● **Exercise brief**
Exactly as they stand, copy the lines from the one containing "第一步:点击召唤之后,有几率" to the final line of the data; leave out the pictures.
___ Material for this exercise
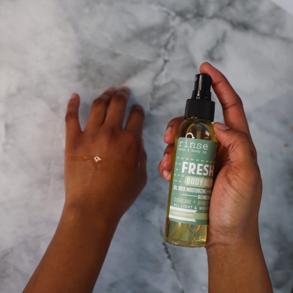 The squalane base in Fresh Fig Body Bliss absorbs fast — less transfer than traditional oils. Give it a minute before getting dressed. Any minimal residue comes out in a normal wash. Fresh Fig lightweight body oil. Absorbs fast, adds sheen without grease. Layer under lotion for extra moisture.
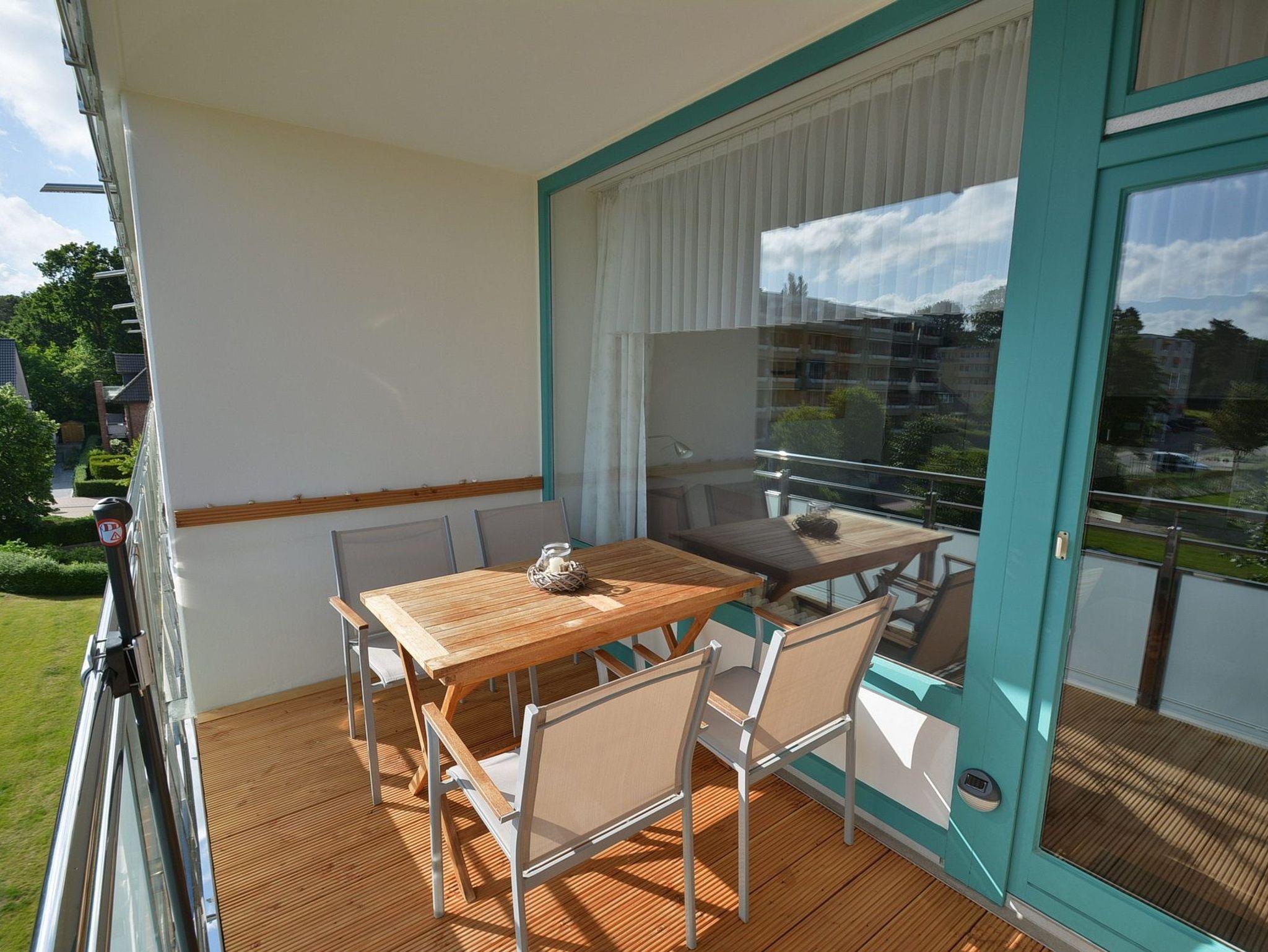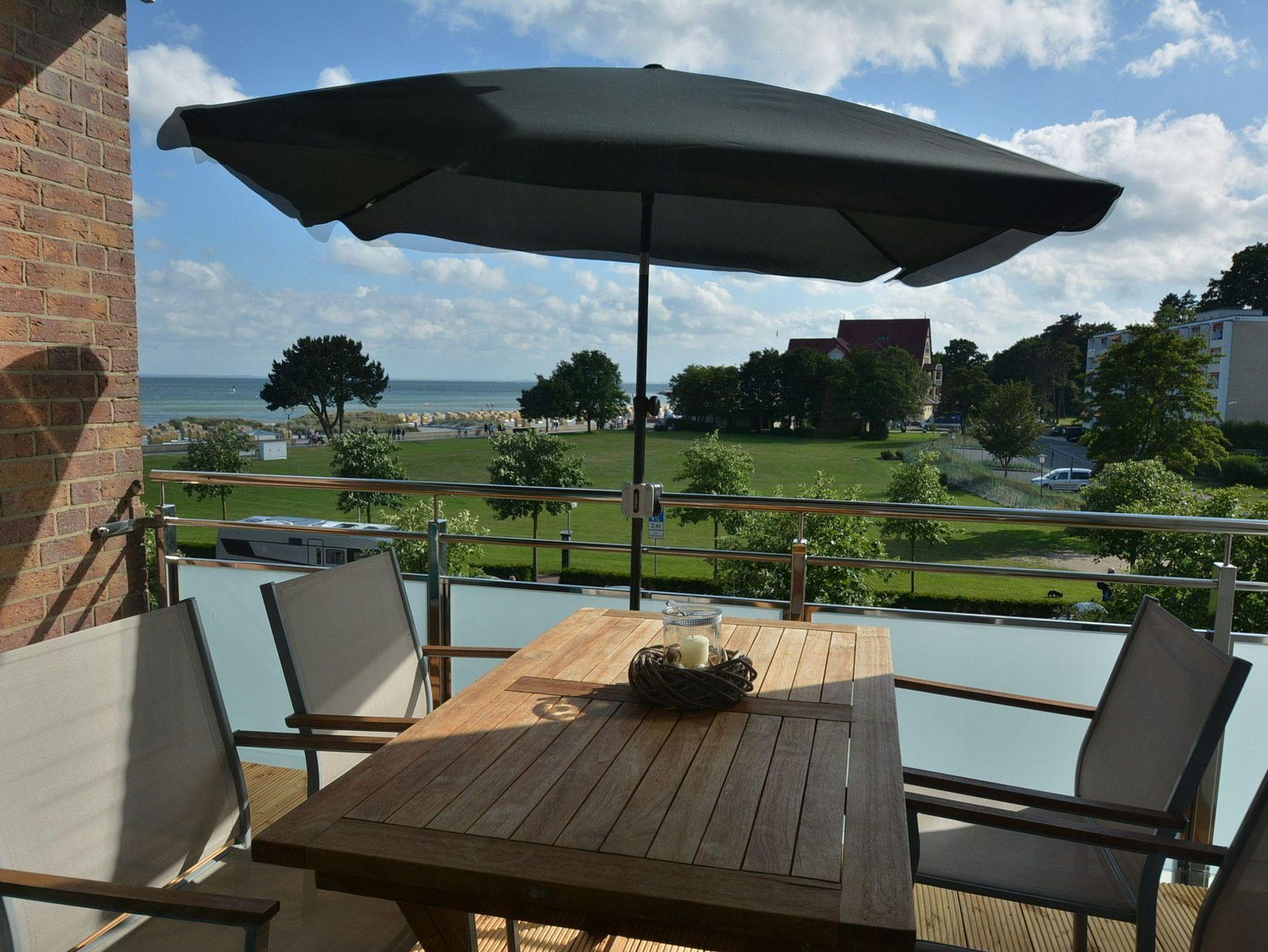 Kostenloser PKW-Stellplatz (sehr eng) in der Tiefgarage (max. Höhe: 1,90m) direkt am Haus. Schöner Balkon in süd-östliche Richtung mit Meerblick. Eine Waschmaschine und ein Trockner befinden sich im Haus und können gegen Gebühr genutzt werden. 2 Abstellplätze im geschlossenem Fahrradraum (Gemeinschaftseigentum).
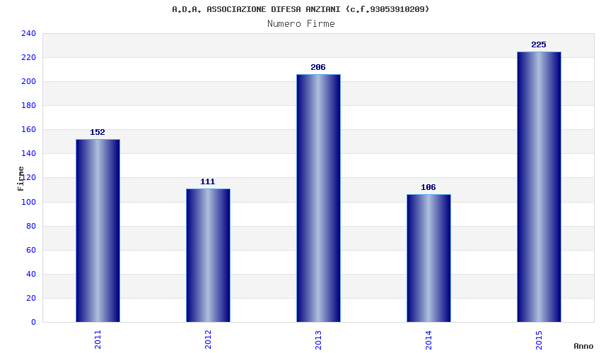 | Anno | Firme | Importi | Media | Naz. | Reg. | Prov. | Comu. |
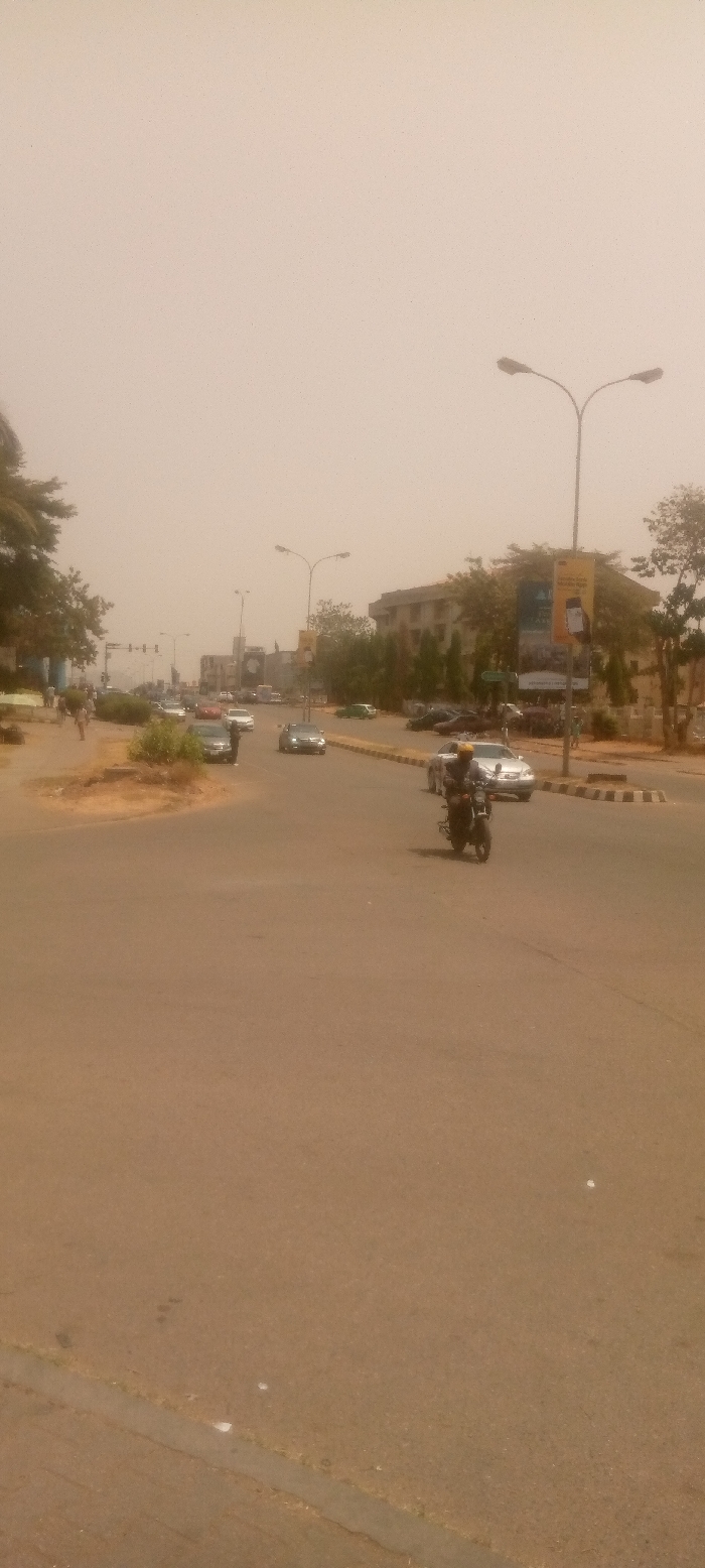 The image displays a wide-angle view of a dusty urban road scene in Abuja, Nigeria, characterized by a pale, yellowish-brown sky indicative of a hazy or harmattan atmosphere
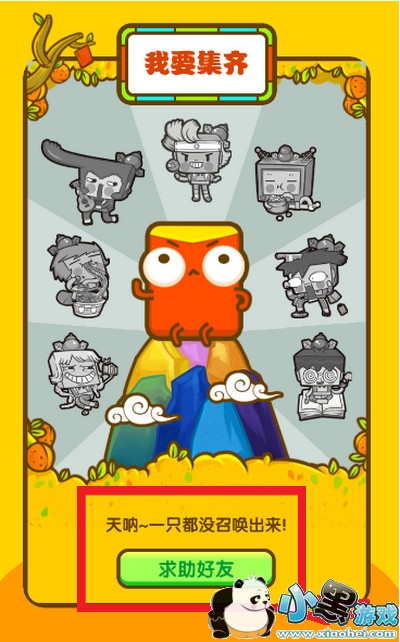 第一步:点击召唤之后,有几率直接召唤出一个福禄娃,如果没召唤出来,可以求助好友,就有机会直接全部收集到。
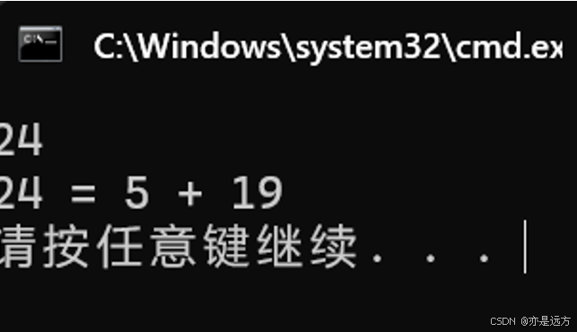输出格式:在一行中按照格式"n = p + q"输出n的素数分解,其中p ≤ q均为素数。这样的分解不唯一(例如24还可以分解为7+17),要求必须输出所有解中p最小的解。
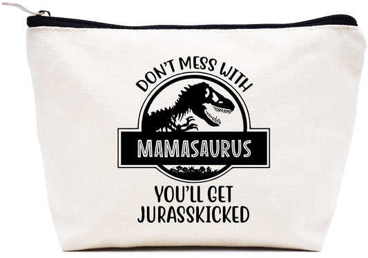 Dont Mess with Mamasaurus Youll Get Jurasskicked - Funny Dinosaur Birthday Christmas Novelty Present Ideas for Mom - Presents For Mom From Husband Son Daughter – Makeup Bag Cosmetic Bag Travel Pouch
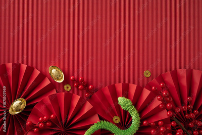 Festive Chinese New Year setup featuring vibrant red fans, golden coins, and decorative elements symbolizing good fortune and prosperity
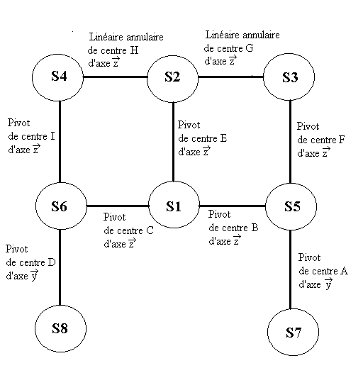 Nous avons associé entre elles les pièces qui sont en liaison encastrement. En suite, en utilisant la représentation normalisée et en respectant les orientations des liaisons, nous avons réalisé une représentation schématique des liaisons: le schéma cinématique
______
● **Exercise answer**
 第一步:点击召唤之后,有几率直接召唤出一个福禄娃,如果没召唤出来,可以求助好友,就有机会直接全部收集到。
输出格式:在一行中按照格式"n = p + q"输出n的素数分解,其中p ≤ q均为素数。这样的分解不唯一(例如24还可以分解为7+17),要求必须输出所有解中p最小的解。
 Dont Mess with Mamasaurus Youll Get Jurasskicked - Funny Dinosaur Birthday Christmas Novelty Present Ideas for Mom - Presents For Mom From Husband Son Daughter – Makeup Bag Cosmetic Bag Travel Pouch
 Festive Chinese New Year setup featuring vibrant red fans, golden coins, and decorative elements symbolizing good fortune and prosperity
 Nous avons associé entre elles les pièces qui sont en liaison encastrement. En suite, en utilisant la représentation normalisée et en respectant les orientations des liaisons, nous avons réalisé une représentation schématique des liaisons: le schéma cinématique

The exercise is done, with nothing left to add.